Items from a data source
· · · · ·

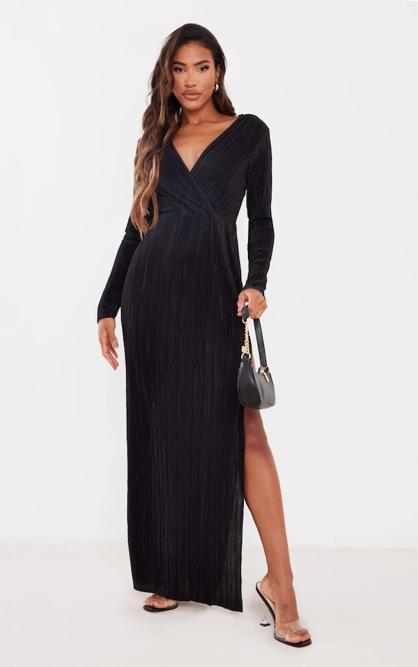 On shoppe illico cette robe longue ! Avec sa couleur noire indémodable, son design cache-coeur et son effet plissé, elle a tout pour plaire. Portez-la avec une paire de sandales à talon et quelques accessoires pour finaliser votre look du jour. Vous êtes sublime !
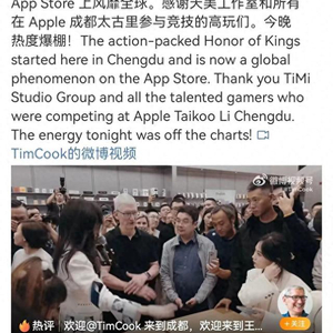 库克在微博中发布视频并提及,“精彩刺激的《王者荣耀》诞生于成都,现已在App Store上风靡全球。”
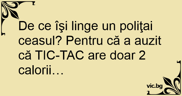 De ce îşi linge un poliţai ceasul? Pentru că a auzit că TIC-TAC are doar 2 calorii…
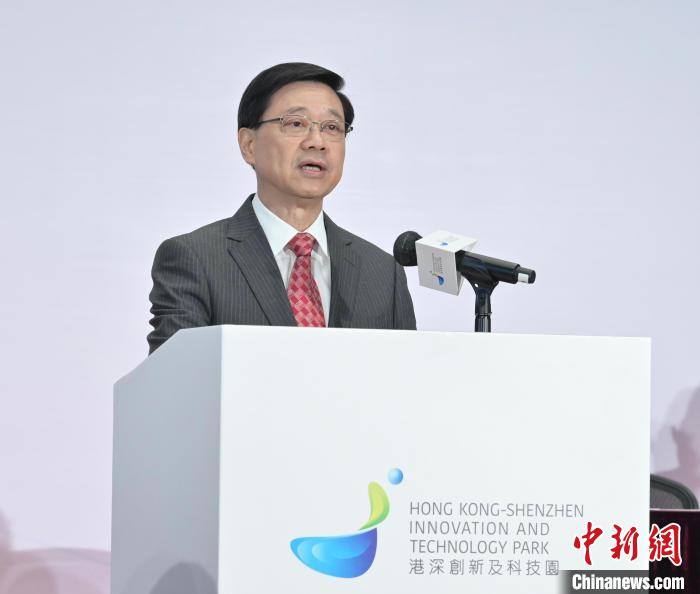 4月18日,香港举行港深创科园合作伙伴启动礼。图为香港特区行政长官李家超致辞。(资料图)特区政府新闻处供图
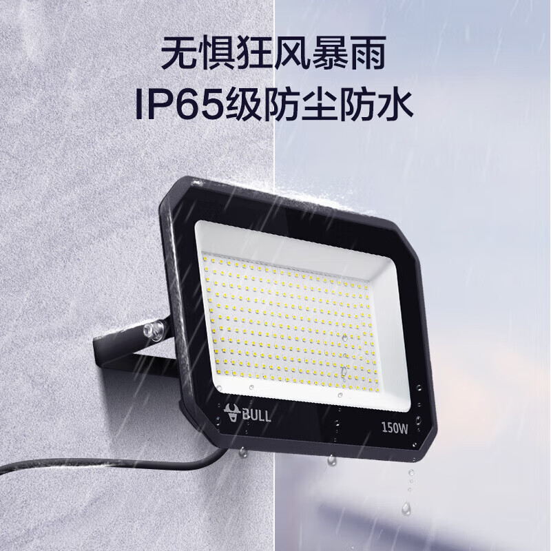 公牛(BULL)LED投光灯户外庭院工厂园林灯露营灯 IP65防水等级150W-6500K白光价格:279.00元!
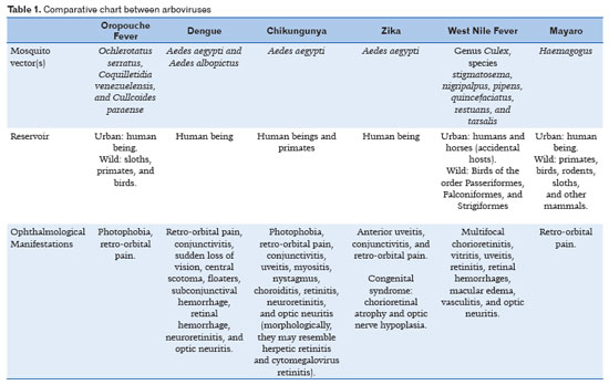 Keywords: Chikungunya; Dengue; Ophthalmological manifestations; Mayaro Fever; Oropuche fever; West Nile fever; Zika; Zoonoses.

· · · · ·

_Your goal_
Write out the records word for word. Pictures stay out.

_Answer section_
 On shoppe illico cette robe longue ! Avec sa couleur noire indémodable, son design cache-coeur et son effet plissé, elle a tout pour plaire. Portez-la avec une paire de sandales à talon et quelques accessoires pour finaliser votre look du jour. Vous êtes sublime !
 库克在微博中发布视频并提及,“精彩刺激的《王者荣耀》诞生于成都,现已在App Store上风靡全球。”
 De ce îşi linge un poliţai ceasul? Pentru că a auzit că TIC-TAC are doar 2 calorii…
 4月18日,香港举行港深创科园合作伙伴启动礼。图为香港特区行政长官李家超致辞。(资料图)特区政府新闻处供图
 公牛(BULL)LED投光灯户外庭院工厂园林灯露营灯 IP65防水等级150W-6500K白光价格:279.00元!
 Keywords: Chikungunya; Dengue; Ophthalmological manifestations; Mayaro Fever; Oropuche fever; West Nile fever; Zika; Zoonoses.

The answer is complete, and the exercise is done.